1995-12-03 at 14:30: Batch queue resumed. Any server indication will cause queue to be stopped again.
1995-12-02 at 17:00: Severe server problems persists. Batch queue stopped.
1995-12-02 at 13:00: Server problems causing job delay.
1995-12-01 at 18:00: Tuesday, 1995-12-05 at 1700 hours, 32 thin and one wide node will be reserved for benchmarks. This will take about five hours.
1995-11-29 at 10:00: Easy running on all of the machine.
1995-11-29 at 09:00: All nodes moved into easy. We are waiting for two old loadleveler jobs to finish. The will happen at 1000 at the very latest.
1995-11-29 at 07:00: We will move the rest of the nodes into easy round 0800, 1995-11-29. Please have patience with a short delay. We will also try to make same preventive actions to try to make the job manager stop filling disk.
1995-11-28 at 12:00: Info about easy progress to be seen in the news page.
1995-11-26 at 00:20: System is back. No jobs waiting in line lost.
1995-11-25 at 22:10: Problems with deamon running amok. Struve rebooted. Please do not start interactive jobs before LoadL queues are resumed.
1995-11-25 at 21:40 [xxx (strindberg)]: Unidentified problems with Strindberg. All LoadL queues drained.
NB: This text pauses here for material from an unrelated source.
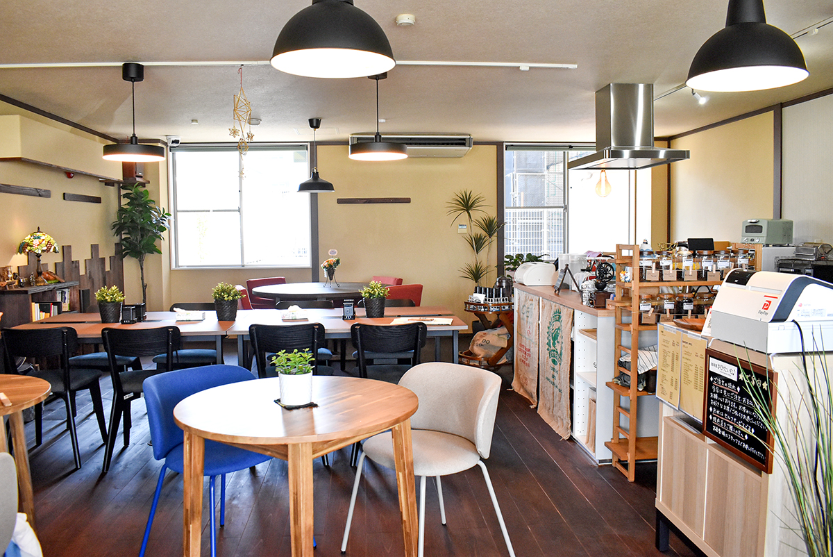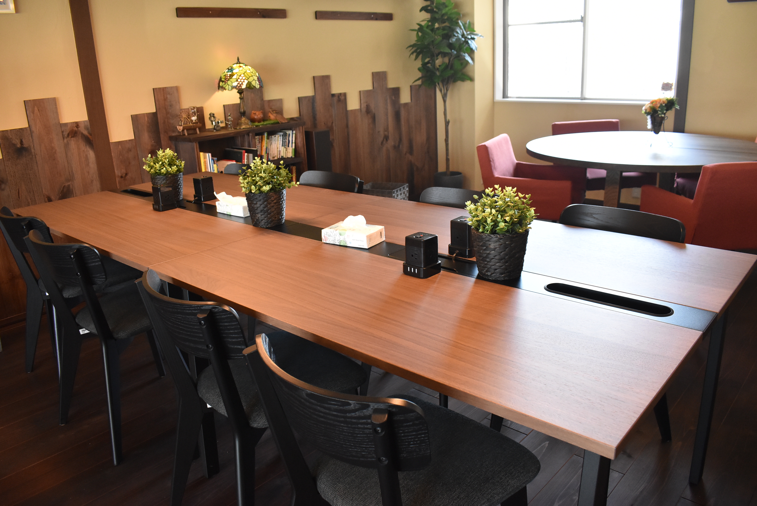 店内は木の温もりを感じる落ち着いた空間で、ジャズ好きの店主こだわりのスピーカーからジャズのBGMが心地よく流れます。4人掛けのテーブル席、パソコン作業ができるUSBポート付きの席など、多彩な座席があり、一人でもグループでも利用しやすいカフェです。

1995-11-24 at 11:00 [xxx (strindberg)]: We will run a full scale test of easy on all of Strindberg starting Wednesday next week, 1995-11-28. We will run for about one week.
1995-11-23 at 16:00: All systems back. Loadleveler changed to allow maximum one running job for each user.
1995-11-23 at 15:00: Power failure in NADA computer room. A number of servers went down, including some that PDC uses. All loadleveler jobs lost, running as well as in line. On the contrary nothing seem to have happened to the easy jobs!
1995-11-23 at 13:00: Problems with the job manager. It keeps filling it's disk.
1995-11-22 at 13:30: Control work station and most other PDC machines that moved are back on the network. Loadleveler and easy resumed.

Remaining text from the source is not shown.